All that is tokenism. The work required is to stop seeing (Black) women as parts. To actually broaden our capacity for desire beyond the hacked minimalism of “fat ass, small waist, curly hair and light skin”. It is not a rejection of any of these attributes in themselves, but a cultural and physiological reset that is restorative and allows the body to respond to Blackness in its limitless beauty. Not just aesthetic Blackness, though Black womxn being fine as fxck shouldn’t be understated, but the beauty that is bound up in the spirit of Black women: The quirkiness, intelligence, faith, resilience, quick-wit, loyalty, creativity, passion, sensuality, resourcefulness and so on. 

Moreover, Black men who are visionary should come to see that loving Black women is purposeful. It is an act of spiritual devotion. It is a process of multi-generational healing. It is a path that resolves trauma. For this reason is it is a choice & a commitment. A proliferation of love that is transformative beyond the two people who come into communion.
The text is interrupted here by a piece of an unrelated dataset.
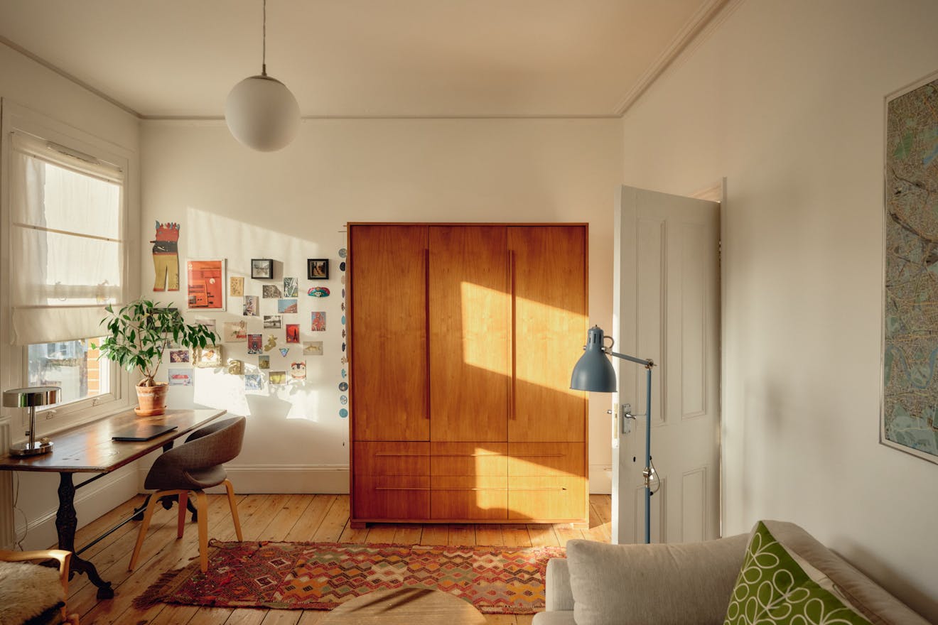 Set back from the road, the beautifully maintained façade of this characterful Victorian terrace is anchored by a canary-yellow front door, offering an inviting introduction to the interiors beyond.
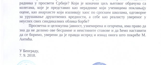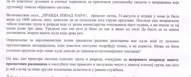 ГСПРС НЕЗАВИСНОСТ остаје при свом ставу и захтеву да сви просветни радници са седмим степеном стручне спреме буду у деветој платној групи и разреду првом, јер је систем напредовања повољнији. Такође, указивање да би тако мали проценат повећања плата изражен у повећању коефицијената угрозио стабилност и монетарни систем Србије, као и да би допринео смањењу основице, у сукобу је са здравим разумом и просветним радницима вређа интелект. Шта је суштина тако чврсте одбране неправде које су заступали представници ових министарстава, видећемо у догледној будућности. Запосленима у просвети треба да је јасно да је циљ да се спречи мотивисано напредовање у будућности, да се деценијска неправда и агонија продужи, а да се образовни систем додатно уруши.

This is the work of love that has been denied in the Black British context for far too long. 

Lastly, a significant corrective practice that Black men can engage in is the material support of Black women – literally adding value. I know in the UK space there have been many reductionist and even paternalistic conversations about Black men giving Black women “allowances” aka pocket money; or taking on all/the majority of the financial burden when living together. These relationship ideals that tend to circulate on Twitter are at complete odds with the real picture of financial vulnerability in the UK, where 3 million people are one pay day away from homelessness, Black Brits are no exception to this. As @achildof2worlds tweeted when it comes to love and finances we need to “Dash the patriarchy, up the bag”. 
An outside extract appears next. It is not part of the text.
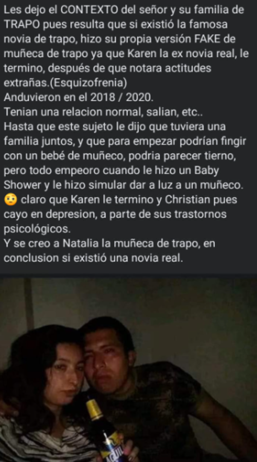 Más allá de ello, en redes sociales salió a la luz que hace años el hombre sufrió problemas de depresión tras haber vivido una ruptura amorosa, luego de que le dijo a su novia de la vida real de ese entonces que formaran una familia y que tuviesen un atípico hijo de muñeco; pero ella prefirió alejarse de él.

My vision of Black men’s investing in Black women is not tied to romantic bonds. It looks like putting Black women forward for job roles or promotions; buying from Black women owned businesses, sponsoring Black women’s creative endeavours, offering skills as a service or doing skill exchanges. Giving visibility to Black women’s platforms, critically engaging with Black women’s work. It even looks like paying Black women for the consumption of their erotic labour through sites like Only Fans. There are so many ways to love Black women as a function of building healthy and reciprocal community. 

The ideas shared here are truly intended to be a beginning point, a suggestion for foundational practices because that’s exactly where we are: at the start. The nuances of this conversation are more than what can be contained here. For example, Black men are of course also subjected to anti-Blackness and colourism. Or the conversation has a different emphasis when we consider the broad scope of love between Black men and womxn who aren’t potential sexual options for each other, owing to orientation or just lack of desire. Or what responsibility for reconciliation falls to trans Black men and non-binary people who may have a different kind of personal history with Black womxn? It is my hope that my words are a conversation opener. That we start to think creatively about how we can re-build our bonds. 
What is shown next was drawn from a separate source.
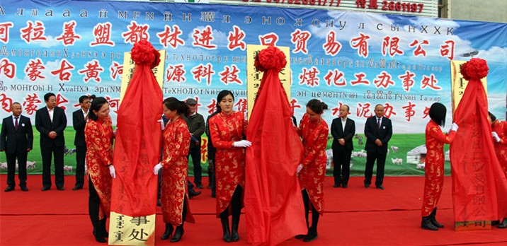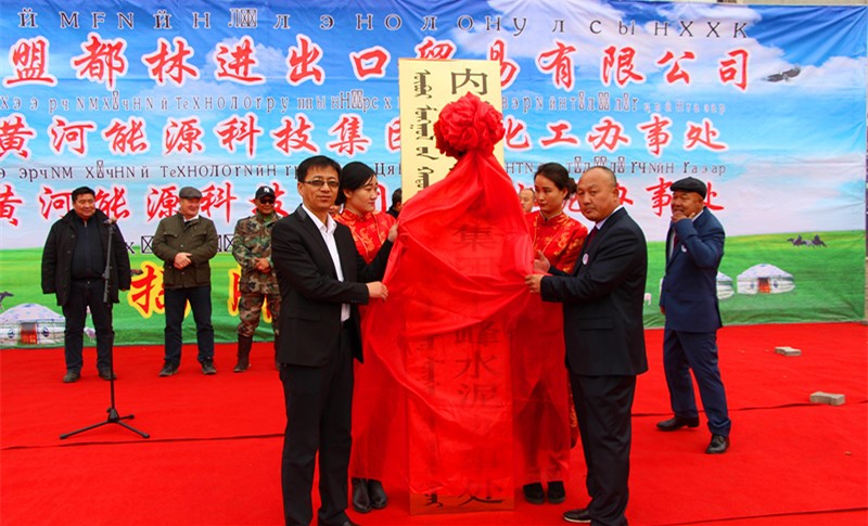 2016年11月18日,內(nèi)蒙古黃河能源科技集團(tuán)煤化工、千峰水泥駐阿拉善盟都林進(jìn)出口貿(mào)易公司辦事處揭牌儀式,在美麗富饒的烏拉特草原甘其毛道口岸隆重舉行。

For Black men wanting to do healing work it is important to acknowledge that it is a choice, a decision, and a pause. You have to make room for it. Reading is always a reliable catalyst for personal change, you might start with “The Will To Change: Men, Masculinity & Love” by bell hooks, or you might see yourself reflected in the anthology “Safe: On Black Men Reclaiming Space”, a critical moment in making public the contemporary life and consciousness of Black British men. Alex Reads curates thoughtful conversations on his podcast, formerly called “What Matters” and now “Time To Talk”. Symeon Brown’s “Good Reader Book Club” could also be a good space that supports broader personal growth by engaging ideas just for pleasure. 

Don’t forget to use the spiritual tools that are available to you. I truly believe more Black men could hugely benefit from engaging with tarot in one to one settings, with me, or someone else you vibe with. I do public Tarot Therapy live every week that is reposted to my Youtube Channel. Maintaining a regular meditation practice. Using somatic movement practices that can unlock the emotions, such a yoga. There is so much for you to explore.